Predator on the Prowl

Hammer Studios, home to vampires, werewolves, mummies, Quatermass Xperiments, pirates….and child molesters? In 1960, the British film production company (originally founded in 1934), ventured into decidedly new territory from their usual formulaic mix of horror films, suspense thrillers and costume adventures. Never Take Candy from a Stranger (known as Never Take Sweets from a Stranger in the the U.K.) was Hammer’s attempt at a serious adult drama that addressed a controversial topic most major studios wouldn’t touch at that time.      

One has to admit that from a financial standpoint, social issue films rarely draw blockbuster crowds because the average moviegoer wants escapism from the movies, not disturbing reflections of real life or thought-provoking message films. There have been exceptions to the rule, of course, that are usually based on topicality and big name stars such as Stanley Kramer’s The Defiant Ones and On the Beach, but a film about child molestation in 1959 was not going to be an easy sell. Hammer Studios knew this and approached it in that light, designing one poster that proclaimed “The most challenging film of the decade…” with a pulp fiction-like cover drawing of a hesitant child pondering an outstretched hand holding candy and the gift giver depicted as a shadowy character in a trenchcoat.

French poster for the 1960 British film, NEVER TAKE CANDY FROM A STRANGER.

The film’s trailer was even more emphatic in its intent, opening with the scroll: “An extraordinary announcement from the management…This is the first time we have ever presented a story of this kind. Because it has been told so delicately we believe every adult will want to see it.” As for the film itself, a short disclaimer appeared at the head in case any Brit became concerned that this was an internal social problem in England alone: “This story – like its characters – is fictitious. It is set in Canada. But it could happen anywhere and it could be true.”
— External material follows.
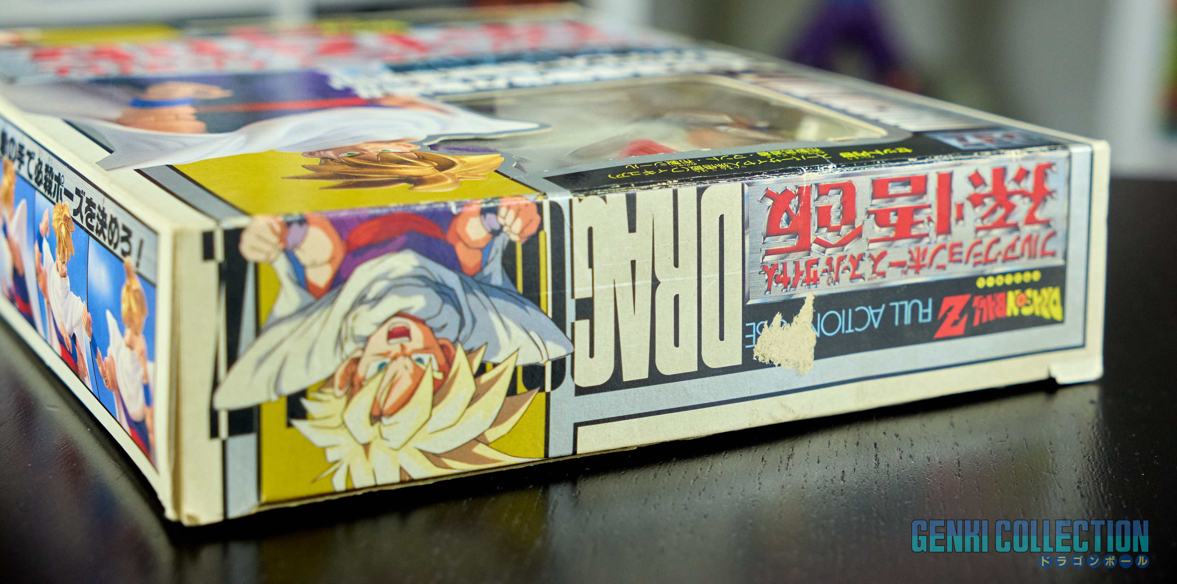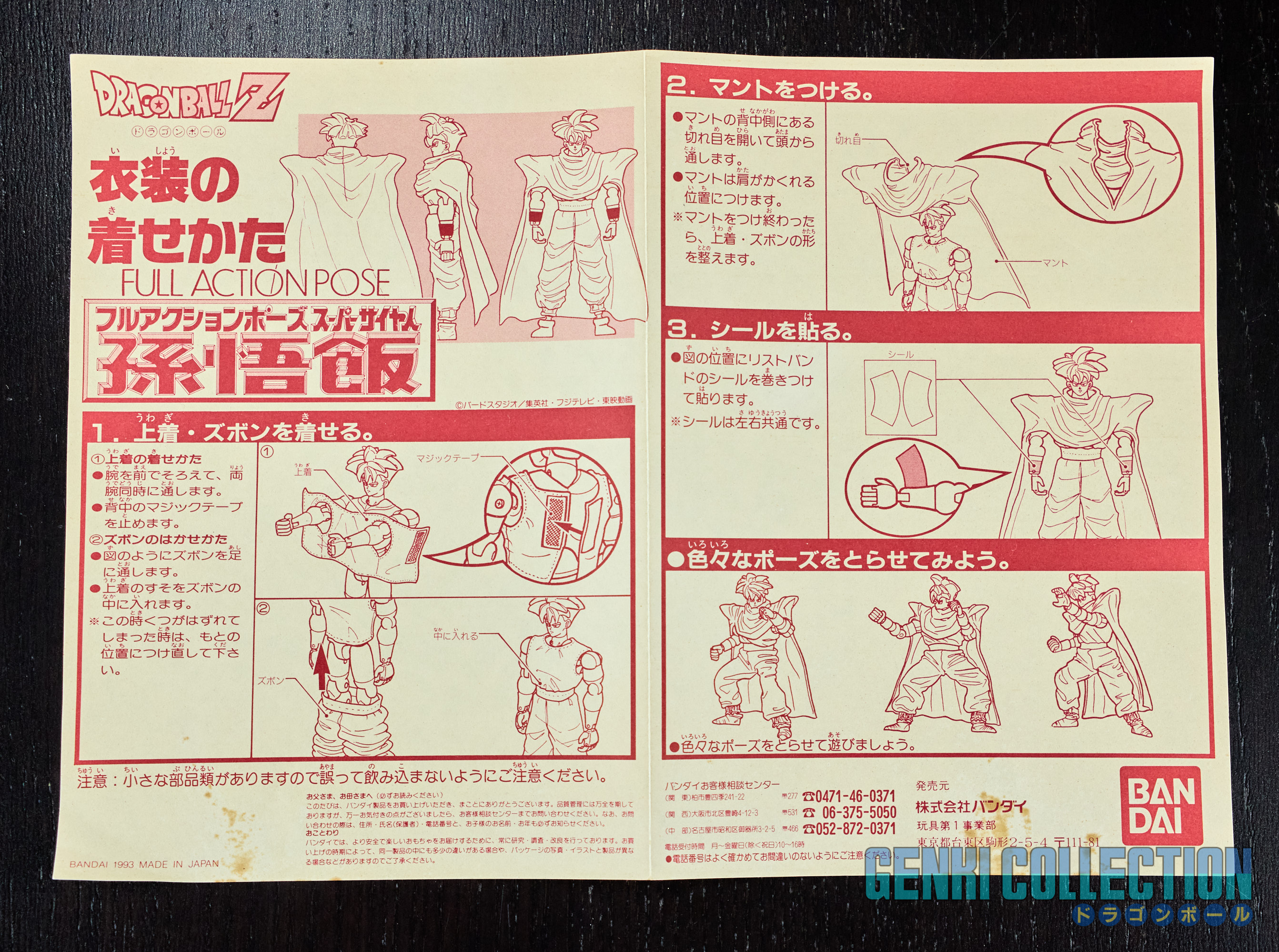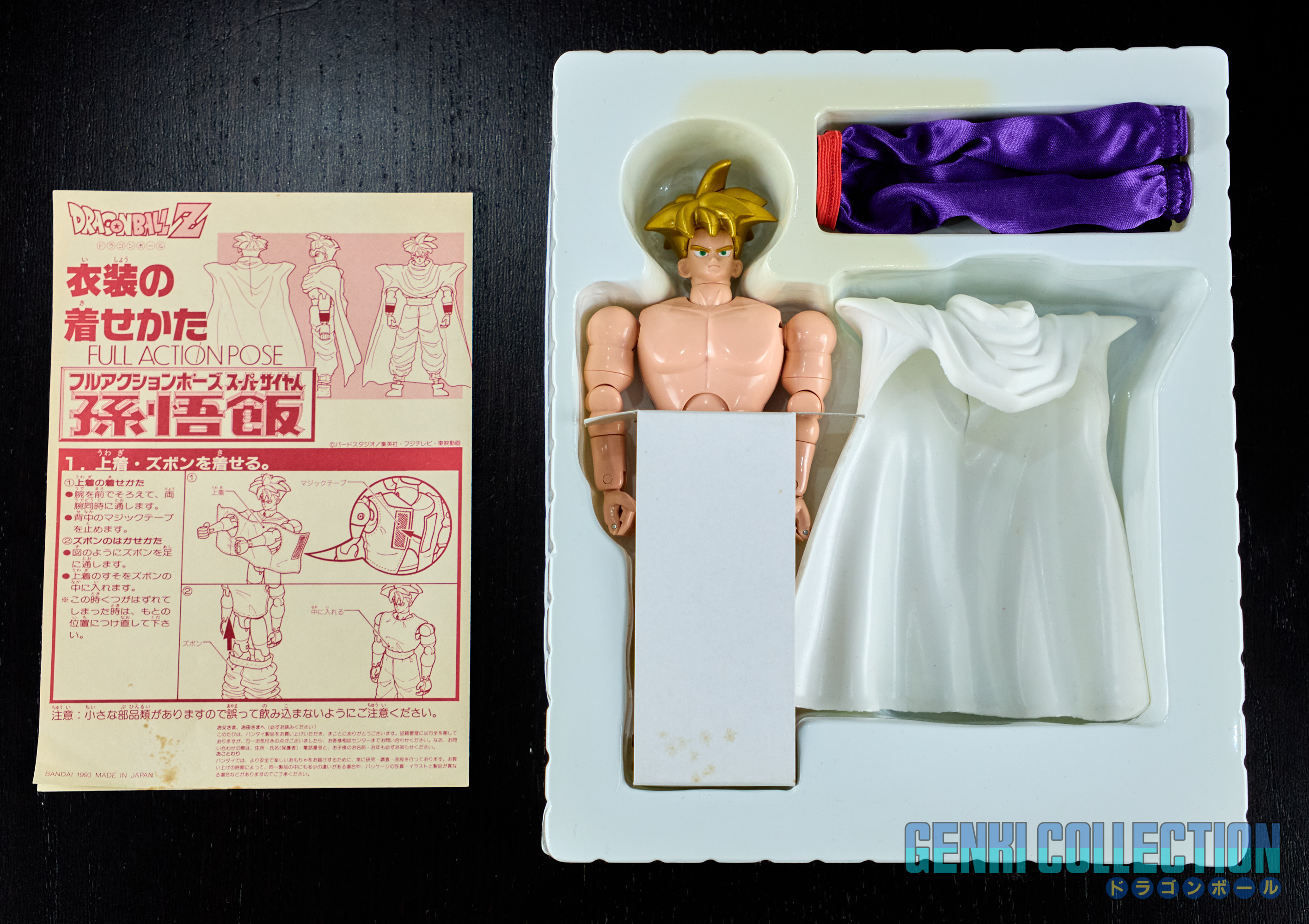 Figurine rare et d'époque de Son Gohan, série Full Action Pose éditée par Bandai en 1993. Boîte un peu abîmée, mais intérieur en excellent état. Les protèges poignets n'ont jamais été collés et les vêtements en tissus sont éclatants et ne présentent aucune usure (comme neufs).La figurine est parfaitement rigide, ce qui est rare, généralement ces modèles sont facilement "désarticulés". Elle n'a donc jamais été manipulée. La notice est également présente.

Jean (Janina Faye, left) and Lucille (Frances Green) are frightened by what they see in NEVER TAKE CANDY FROM A STRANGER (1960).
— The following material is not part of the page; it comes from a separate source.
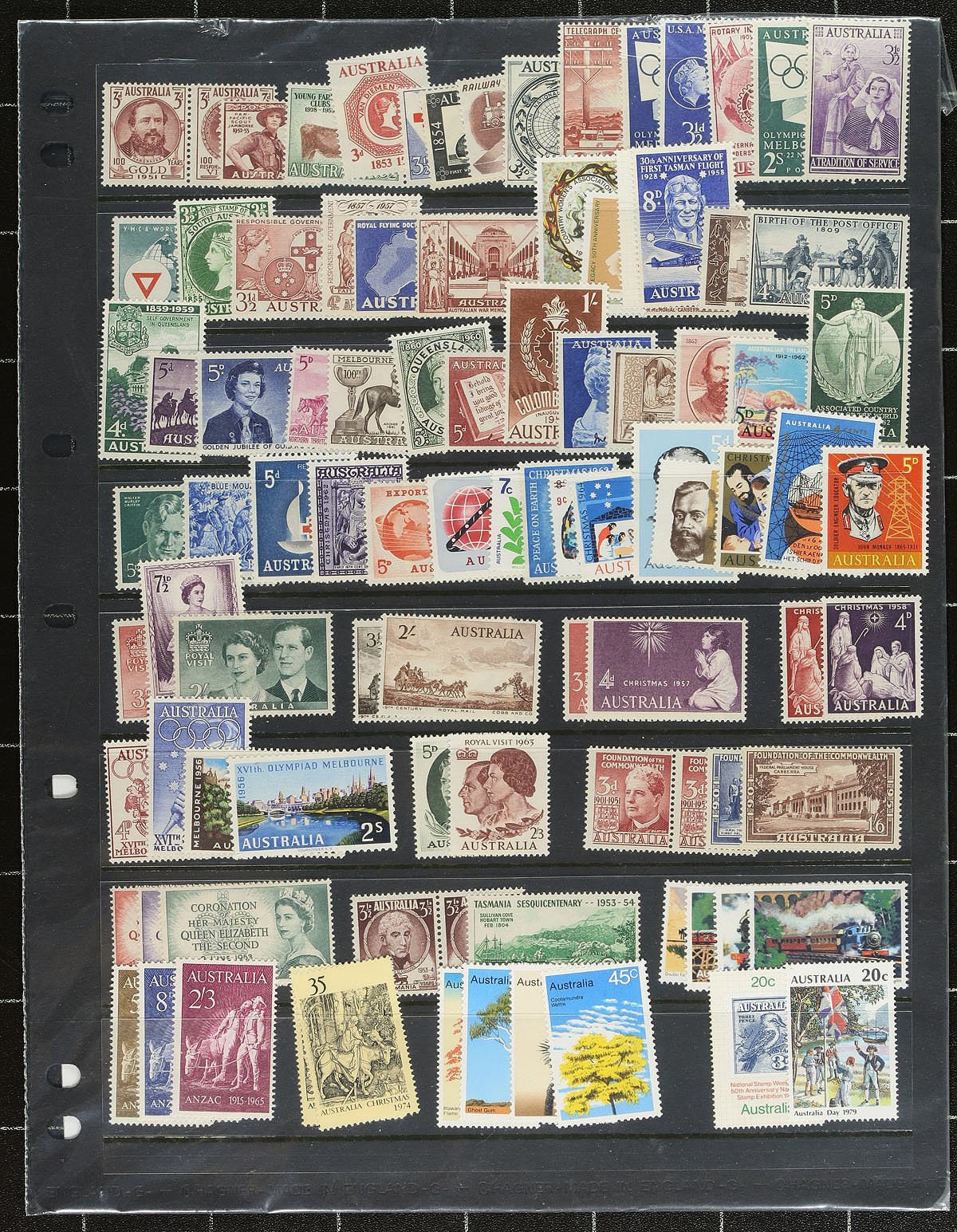 Lovely collection of mint Australia, 1913-2003, with well over 1,000 stamps in roughly well organized stock pages. The collection generally ranges from Scott #2/2177, with singles, sets, blocks, and a few souvenir sheets, along with back of the book material. The majority of material ranges from the 1960's onwards, much of which is never hinged, but a spot check indicated a few better earlier issues with Scott #s 18 (x2, mh, $200 total), 96, 98 (mh, $77 total), 139-140 (mh, $50 total), 178-179 (lh, $98 total), along with many singles and sets cataloguing $5 to $15 and up each. Owner's 2012 Scott catalogue value for the collection totals US$2,416.00. Face value alone would be several hundreds of dollars. A lovely collection, with online photos showing a sampling. Estimate =

Never Take Candy from a Stranger turned out to be a resounding box office failure, even though it featured a first rate cast of British character actors, several of them Hammer film regulars, Freddie Francis’s crisp, evocative black and white cinematography (he lensed it just prior to his Oscar-winning work in Sons and Lovers), Cyril Frankel’s taut direction and an intelligent screenplay by John Hunter (adapted from Roger Garis’s play, The Pony Cart). None of this seemed to make a difference because the movie-going public didn’t want to see a movie about a sex pervert with a thing for little girls. 

Beware of strange men offering treats! (A scene from the 1960 film NEVER TAKE CANDY FROM A STRANGER, released by Hammer Studios.

It also didn’t matter than the film was non-explicit in its visual depiction of the latter.It was simply the idea that most people found revolting but Hammer deserves credit and kudos for producing a frank and disturbing movie, a genuine horror film for adults “that could happen to anyone with children.” Occasionally it does become didactic in its cause and effect scenario of the accuser and the accused when they land in court and the film threatens to turn into a glorified A/V-classroom film of the fifties with a serious topic dramatized for maximum impact.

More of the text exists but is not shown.